We can show that the (effective) transition density indeed satisfies the detailed balance condition.

Proof: provided in class.

Metropolis-Hastings algorithm

Given a target \(f(\cdot)\) and a chosen \(q(\cdot|\cdot)\), generate \(x^*\) from \(q(\cdot| x^{(s)})\).
Compute \[\alpha(x^*|x^{(s)}) = \min \left(1, \frac{q(x^{(s)}|x^*)f(x^*)}{q(x^*|x^{(s)})f(x^{(s)})} \right).\]
Generate \(u\sim \mbox{unif}(0,1)\)
1. if \(u\leq \alpha(x^*|x^{(s)})\), set \(x^{(s+1)} = x^*\);
2. if \(u> \alpha(x^*|x^{(s)})\), set \(x^{(s+1)} = x^{(s)}\).

Remark:

A necessary condition for the algorithm to work is \(\mbox{supp}(f)\subseteq \mbox{supp}(q(\cdot|x))\) for all \(x\in \mbox{supp}(f)\). A minimal necessary condition would be \(\mbox{supp}(f)\subseteq \cup_{x\in \mbox{supp}(f)}[\mbox{supp}(q(\cdot|x))].\)
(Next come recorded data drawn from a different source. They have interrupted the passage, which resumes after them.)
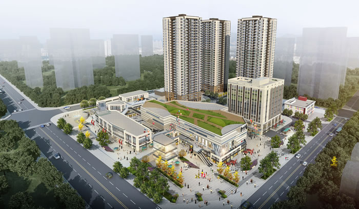 本項目功能復(fù)雜用地緊張,整體功能有高層住宅、幼兒園、臨街商業(yè)、集中商業(yè)、超市、電影院以及高層公寓,以住宅最大化的內(nèi)部庭院景觀為前提,集中商業(yè)錯落布置于城市展示面以及交通便利處。場地內(nèi)部高差關(guān)復(fù)雜,地塊南北高差6米,東西高差10米,東西處集中商業(yè)錯層布置,通過下沉庭院整合地形,形成雙首層空間,南北通過場地自然放坡,在商業(yè)處集中通過踏步扶梯解決上下,局部單層商業(yè)層層錯落,形成凹凸變化,錯落有致的,南北緊密聯(lián)系的居住、商業(yè)城市組團。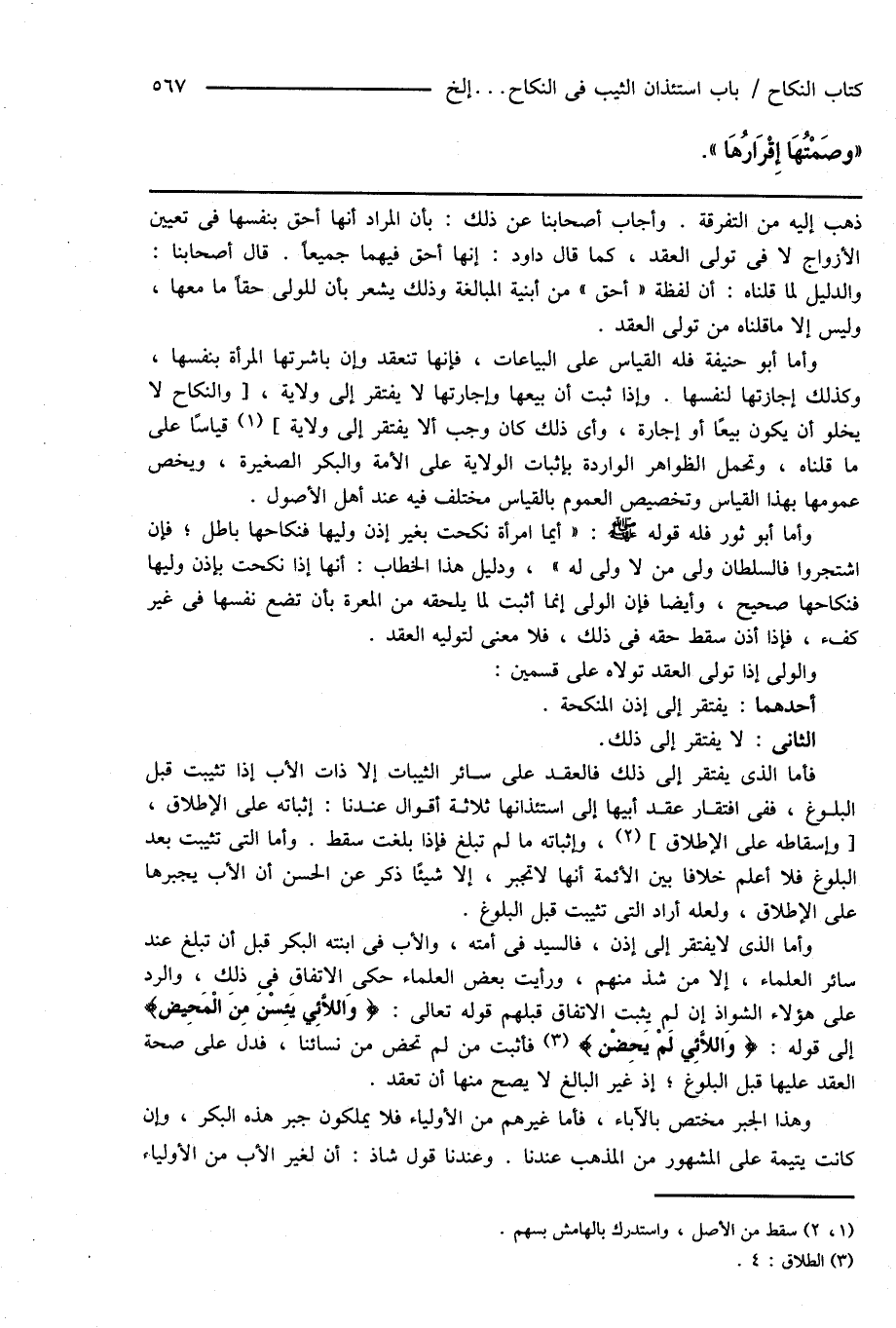 وأما الذى لا يفتقر إلى إذن، فالسيد فى أمته، والأب فى ابنته البكر قبل أن تبلغ عند سائر العلماء، إلا من شذ منهم، ورأيت بعض العلماء حكى الاتفاق فى ذلك، والرد على هؤلاء الشواذ إن لم يثبت الاتفاق قبلهم قوله تعالى: {وَاللَّائِي يَئِسْنَ مِنَ الْمَحِيض} إلى قوله: {وَاللَّائِي لَمْ يَحِضْن} (¬3) فأثبت من لم تحض من نسائنا، فدل على صحة العقد عليها قبل البلوغ؛ إذ غير البالغ لا يصح منها أن تعقد.
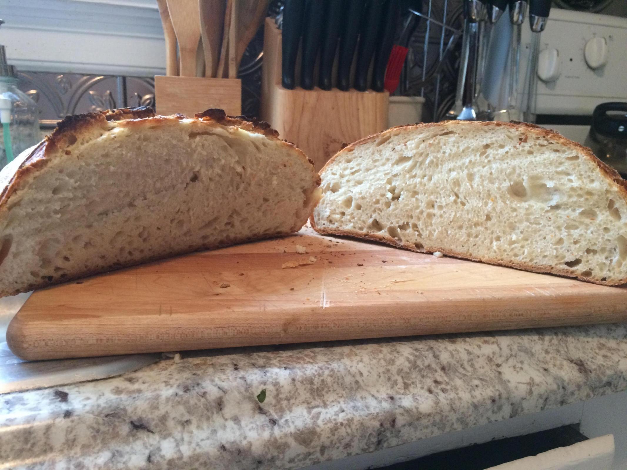 Again, the flavor is good; this loaf in particular is excellent. I just want more air. What's the dealio? Am I using too much flour during my knead? Fermenting / rising too long?

Choice of Transition Density

Classical Choice (Random Walk): Choose \(q(x^*|x) = \tilde q (x^*-x)\) where \(\tilde q\) is symmetric about 0. For example \(x^* = x^{(s)}+\epsilon^{(s)}\), where \(\epsilon^{(s)}\sim \mbox{unif}(-1,1)\) or \(\epsilon^{(s)}\sim N(0,\tau^2)\). Then we would have \(x^*\sim \mbox{unif}(x^{(s)}-1,x^{(s)}+1)\), or \(x^*\sim N(x^{(s)},\tau^2)\) respectively. Then due to the symmetry about 0, \(q(x^*|x) =q(x|x^*)\), so the acceptance probability simplifies to \(\alpha(x^*|x) = \min (1, \frac{f(x^*)}{f(x)})\).
Independent Metropolis Hastings: Choose \(x^*\sim q(\cdot)=q(\cdot|x)\) independent of the current value \(x^{(s)}\). For example \(q\sim N(0,1)\) throughout.

Practicalities

Proposals should not be too bold (standard deviation not too high), however should be large enough to be consequential (standard deviation not too small). Between \(30\%-60\%\) acceptance rate is ideal.

Burn-in
1. Run algorithm until some iteration \(B\) for which Markov Chain appears to reach stationarity.
2. Run algorithm \(B'\) more times and keep \(\{x^{B+1},\ldots,x^{B+B'} \}.\)
3. Use empirical distribution of \(\{x^{B+1},\ldots,x^{B+B'} \}\) to approximate the density \(f\).
Thinning: After burning to discard first B observations, then thin the chain by including every kth draw.
Trace Plot: The plot of the values generated from the metropolis algorithm against the iteration number. Check:
1. The chain doesn’t get stuck in a certain area of space.
2. The chain can move relatively fast (across the support).
“ACF” Autocorrelation Function: Calculate the “lag-\(j\) sample covariance” as \[\hat\gamma_j = \frac{1}{T}\sum_{t=j+1}^T(x^{(t)}-\bar x)(x^{(t-j)}-\bar x)\] and the “lag-\(j\) sample autocorrelation” as \(\hat{\rho}_j = \hat\gamma_j/\hat\gamma_0\). Then plotting autocorrelation \(\hat{\rho}_j\) v.s. the lag index (\(j\)), relatively high values would indicate a high degree of correlation between draws and therefore, slow mixing.

Python Code Examples

Provided and discussed in lab.